For seventeen years the country of Caergoth
Has burned and burned with his effacing hand,
A barren of shires and hamlets,
And Firebringer history hangs on the path of his name.
I sat on the cold stone floor and laughed and cried quietly, exultantly. I waited there an hour, perhaps two, as the 'Song of the Rending' ended and began again. I wondered briefly if this were the echo of Arion himself, if I was hearing not only the words but the voice of the bard my father had killed a generation back.
I decided it did not matter. All that mattered was the truth of the words and the truth of the telling. Arion's song had marked my grandfather as a traitor, but it had preserved the land, for what bandit or goblin would care to invade a fire-blasted country? Orestes's song had rescued Alecto's name, at the price of flame and ruin and his own life. So when Arion's song returned again, I was ready to hear it, to commit it to memory, to wander these caves until I recovered the light, the fresh air, the vellum or hide on which to write the lines that would save my father's line, my line.

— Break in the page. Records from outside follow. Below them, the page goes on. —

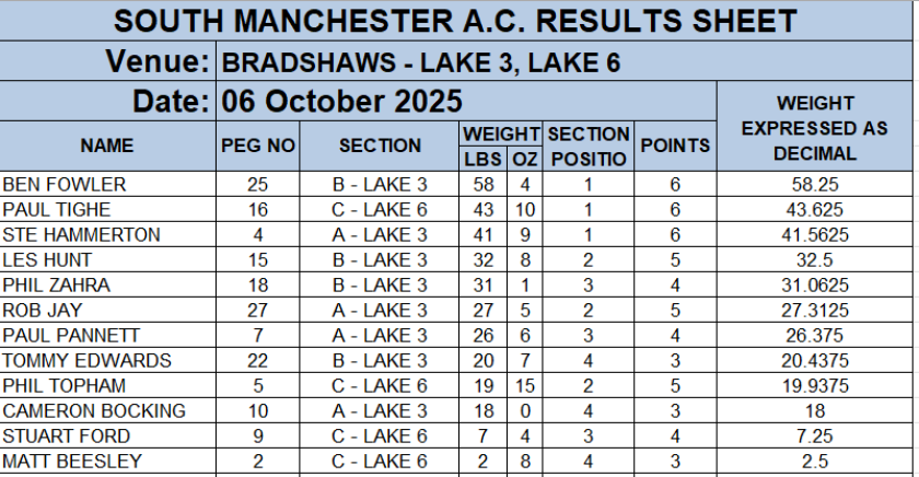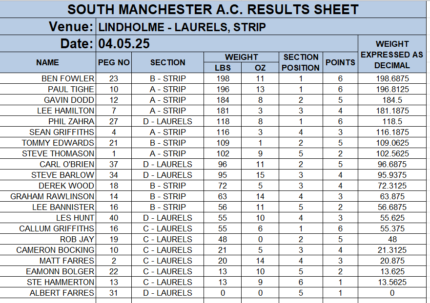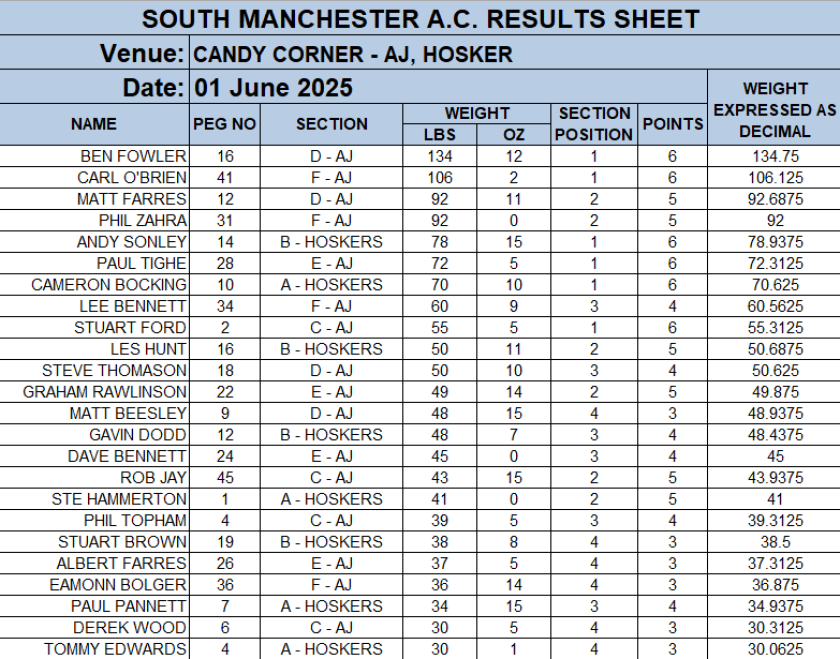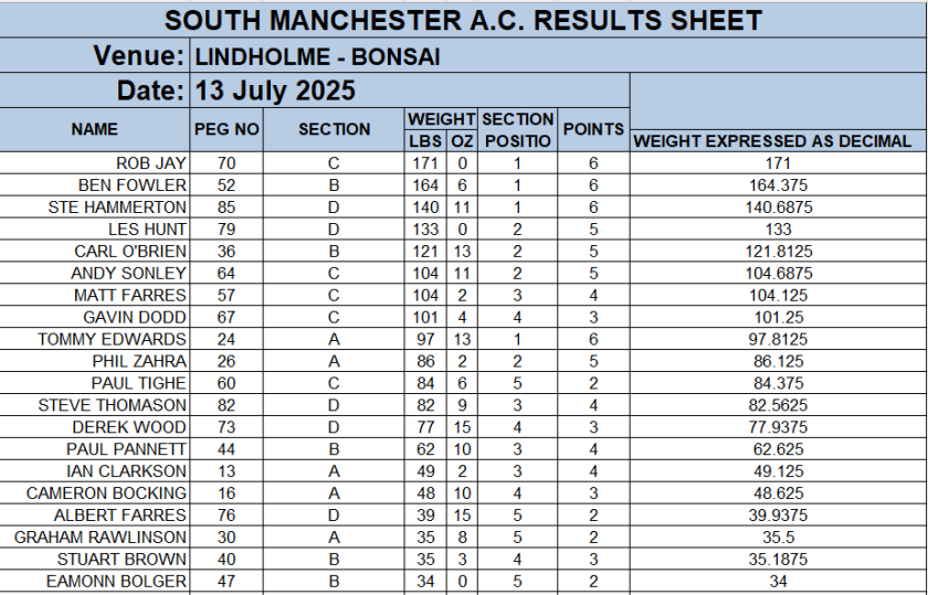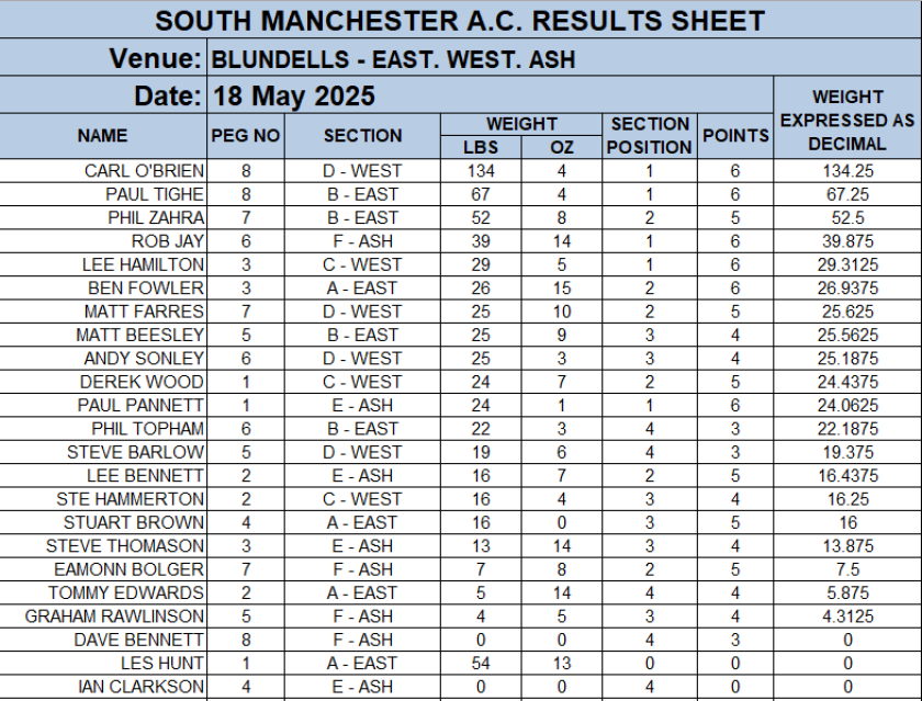 SOUTH MANCHESTER MATCH ANGLING CLUB
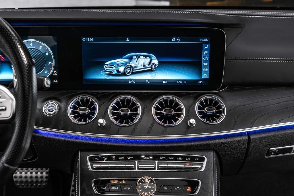 Úložný balíček; audionavigační systém COMAND Online; DAB tuner (digitální rádiový příjem); balíček asistenčních systémů Plus; informační systém řidiče (AMG Performance Media); Vozidlo bez označení modelu; Vnitřní obložení: Jasanové dřevo; černé; Palivová nádrž: 80 litrů (zvětšená kapacita; objem 2); Paměťový balíček; Metalický lak; Středová konzola v jasanovém dřevě; černé; Multibeam LED světlomety; Noční balíček (AMG); Elektrické panoramatické posuvné střešní okno (plně prosklená střecha); Parkovací balíček s 360° kamerou; Sada na opravu pneumatik (Tirefit); Vyhřívaný ostřikovač čelního skla; Přední sedadla: klimatizace; Integrace chytrého telefonu; Sportovní výfukový systém (AMG Performance); Systém prostorového ozvučení Burmester; Analogové hodiny. Termín prohlídky si prosím předem domluvte. Děkujeme.;
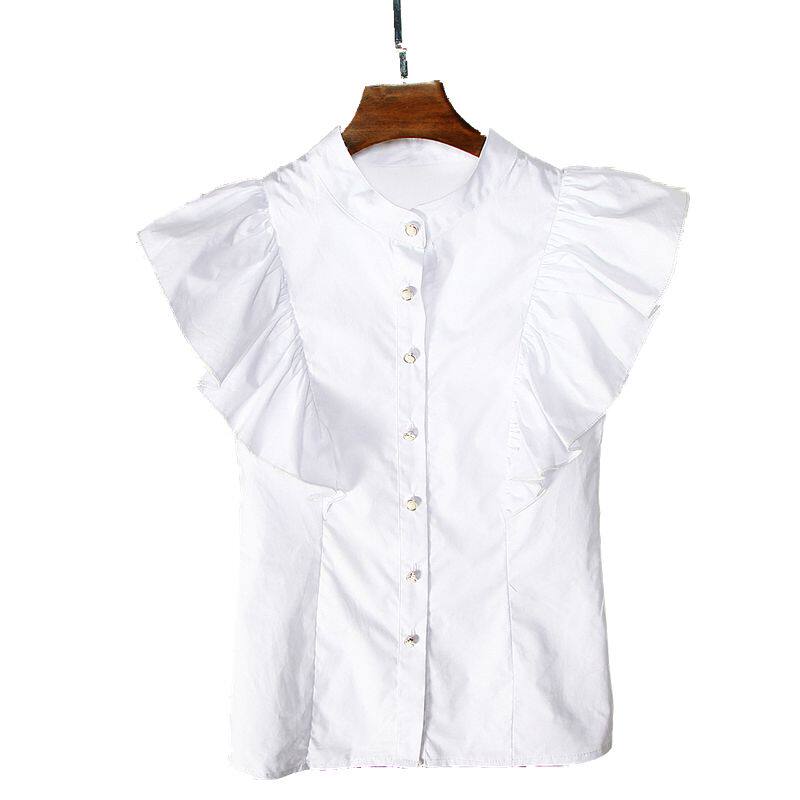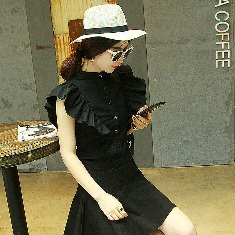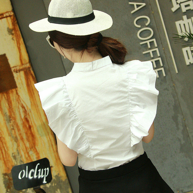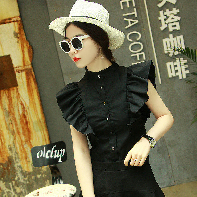 2022夏装新款衬衫 女百搭飞飞袖时尚木耳边简约气质显瘦无袖上衣
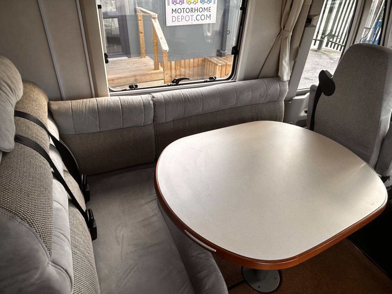 For year-round touring, the motorhome is equipped with cab air conditioning for summer comfort and a full heating system for those cooler months. A solar panel adds off-grid capability, while the wind-out canopy extends your living space outdoors. Practical extras include a reversing camera, tow bar, and bike-friendly storage options. Entertainment and convenience are covered with a radio, aerial, and satellite system, while the fitted alarm system offers added peace of mind.
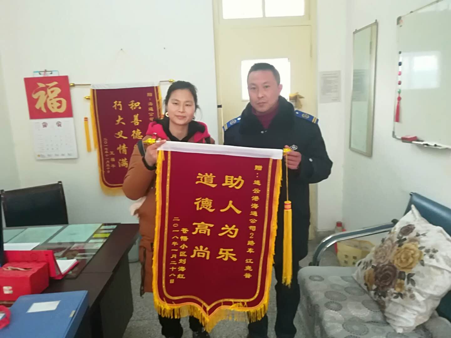 事后,刘女士带着锦旗来到海通公交表谢,锦旗上“助人为乐,道德高尚”八个金灿灿的大字就如同驾驶员金子般的心灵一样让人心生敬意。据刘女士叙述,当天她是给在华杰上学的孩子送冬衣的,骑电瓶车的时候很小心的,但是就不知道怎么的就摔了,而且再想爬起来却怎么也起不来,路过车辆都不敢停,真有叫天天不应,叫地地不灵的感觉,幸好有江师傅这样的好人,帮我扶了起来,我的心里很温暖,让我感受到了来自社会的温暖,我们全家都会向江师傅学习,多做好事回报社会。
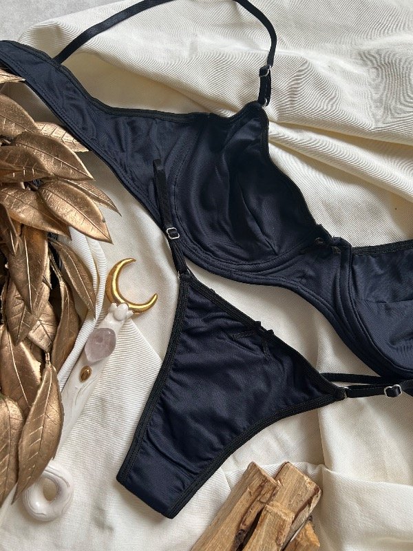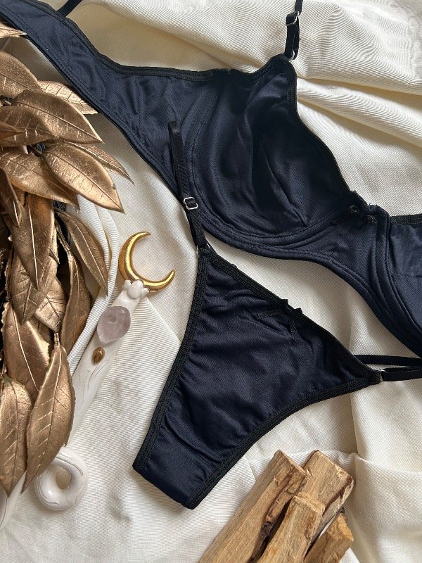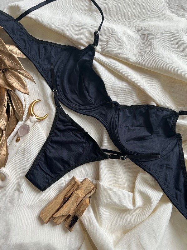 Conjunto de microfibra Breteles no desmontables, avíos metálicos.
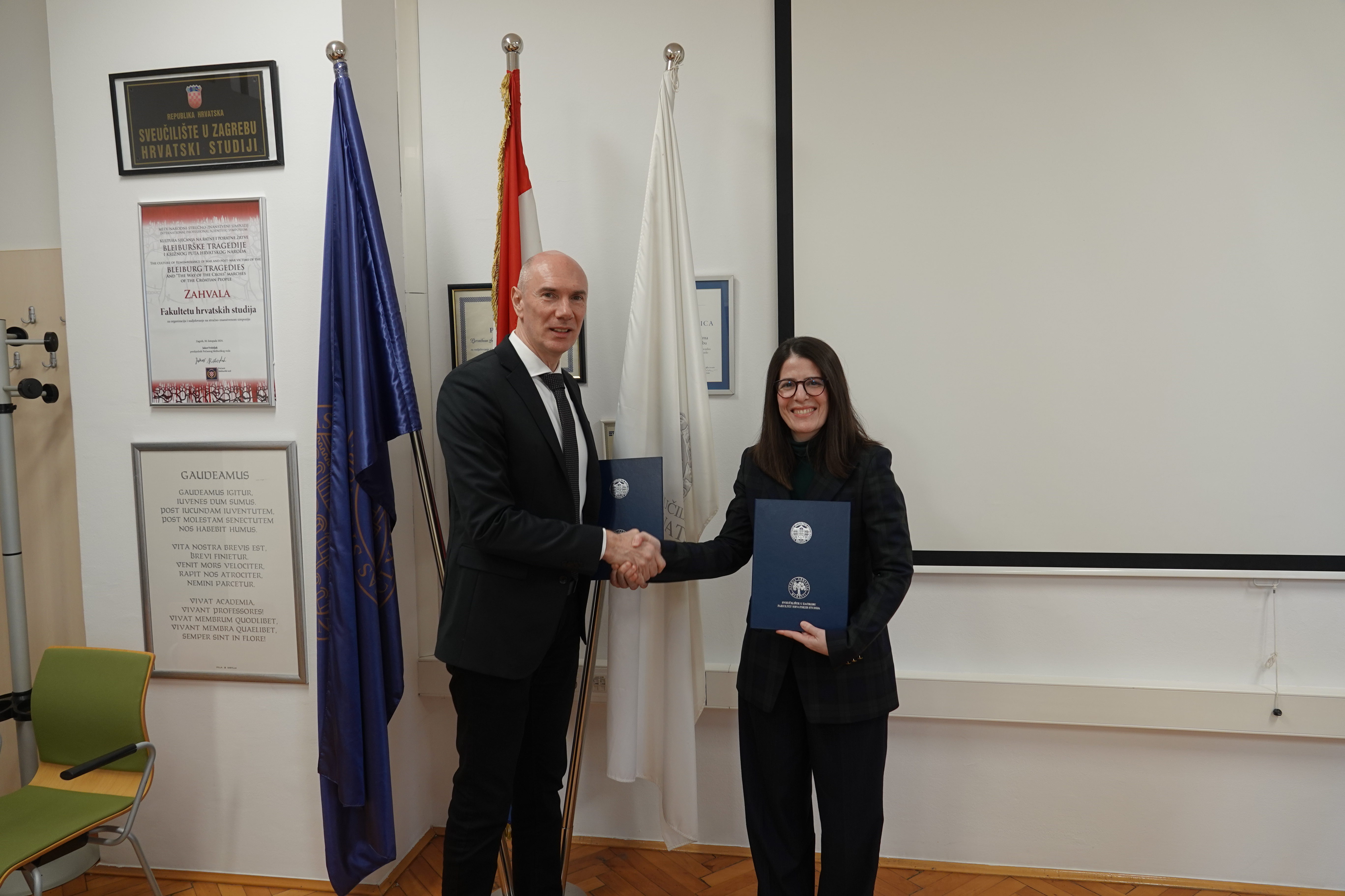 Na Fakultetu hrvatskih studija u Velikoj vijećnici dana 21. siječnja održano je uručenje potpisanog Sporazuma o suradnji između Ureda Europskog parlamenta u Hrvatskoj i Fakulteta hrvatskih studija Sveučilišta u Zagrebu za ovu akademsku godinu. Sporazum su potpisali dekan izv. prof. dr. sc. Dario Vučenović i voditeljica Ureda Europskoga parlamenta u Hrvatskoj, gđa. Maja Ljubić Kutnjak.

It did return, and I remembered each word, with a memory half trained in the listening, half inherited from a father with bardic gifts. For the first time in a long while, perhaps the first time ever, I was thankful for who he was, and I praised the gifts Orestes had passed on to me.
And then, with a whisper that drowned out all other voices, at once the beast spoke. It was a dragon!
Oh. And it seemed not at all strange now to fall to the monster without struggle or issue, to rid myself of the shifting past and the curse of these scars and their burning, and to rid all above me of the land's torture…
So I stood there, ridiculously clutching pen and ink, and though it was already darker than I could imagine darkness to be, I closed my eyes, and the alien heat engulfed me, and with it the evil smell of rust and offal and old blood. The jaws closed quickly around me as I heard a man's voice, saying,
I have killed Arion, and the burning
Will never stop. The land is cursed. I am
Cursed. My line is cursed. I die.
And then, like a last sudden gift, a woman's whisper:
There is power in all words, and in yours especially.
It was the hot fetor that awakened me. I gasped and coughed and closed my eyes immediately to the fierce and caustic fumes.
I was sitting upright in very confined quarters.
Slowly I tested my surroundings, my eyes clasped tightly against the foul biting mist. I stretched my arms, and to each side I felt slippery leather walls.